Generating segmentations for example data

Generate segmentations for the included example image with the command,

For the network operates in axial view:

net_run inference -a anisotropic_nets_brats_challenge.brats_seg_app.BRATSApp \
                  -c ~/niftynet/extensions/anisotropic_nets_brats_challenge/whole_tumor_axial.ini

For the network operates in coronal view:

net_run inference -a anisotropic_nets_brats_challenge.brats_seg_app.BRATSApp \
                  -c ~/niftynet/extensions/anisotropic_nets_brats_challenge/whole_tumor_coronal.ini

For the network operates in sagittal view:

net_run inference -a anisotropic_nets_brats_challenge.brats_seg_app.BRATSApp \
                  -c ~/niftynet/extensions/anisotropic_nets_brats_challenge/whole_tumor_sagittal.ini

(Replace net_run with python net_run.py if you cloned the NiftyNet repository.)

Generating averaged volume from the outcomes of the previous step

A script has been created to compute the averaged volumes and the Dice coefficients from the probabilistic outputs of the segmentation step.

python ~/niftynet/extensions/anisotropic_nets_brats_challenge/average_volume.py

A script rename_crop_BRATS.py is also available to to rename BRATS17 images into TYPEindex_modality.nii.gz format and crop with a bounding box to remove image background (voxels with intensity value zero).

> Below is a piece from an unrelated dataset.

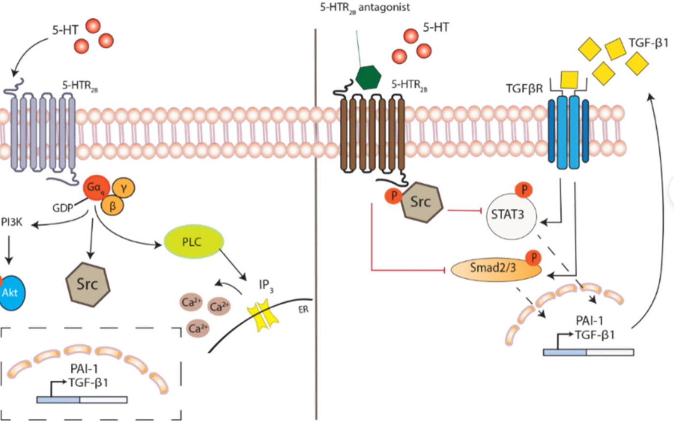 自1992年首次對5-羥色胺2B受體(5-HTR2B)進(jìn)行表征以來,5-HTR2B的研究取得了重大進(jìn)展。有證據(jù)表明,5-HTR2B與心血管系統(tǒng)、纖維化疾病、癌癥、胃腸道(GI)和神經(jīng)系統(tǒng)的調(diào)節(jié)有關(guān)。5-HTR2B與不同配體結(jié)合為配體識別、激活機(jī)制和偏置信號傳導(dǎo)提供了很好的見解。目前已經(jīng)發(fā)現(xiàn)并開發(fā)了許多5-HT2BR拮抗劑(如 RS-127445、PRX-08066等)。

Example data used in this model zoo entry are taken from Multimodal Brain Tumor Segmentation Challenge 2017.

Data references:

Menze, Bjoern H., et al. "The multimodal brain tumor image segmentation benchmark (BRATS)." IEEE transactions on medical imaging 34.10 (2015): 1993-2024. DOI: 10.1109/TMI.2014.2377694

Bakas, S., et al. "Advancing The Cancer Genome Atlas glioma MRI collections with expert segmentation labels and radiomic features." Nature Scientific Data 4:170117 (2017). DOI: 10.1038/sdata.2017.117


This model zoo entry is licensed under a Creative Commons Attribution 4.0 International (CC BY) License.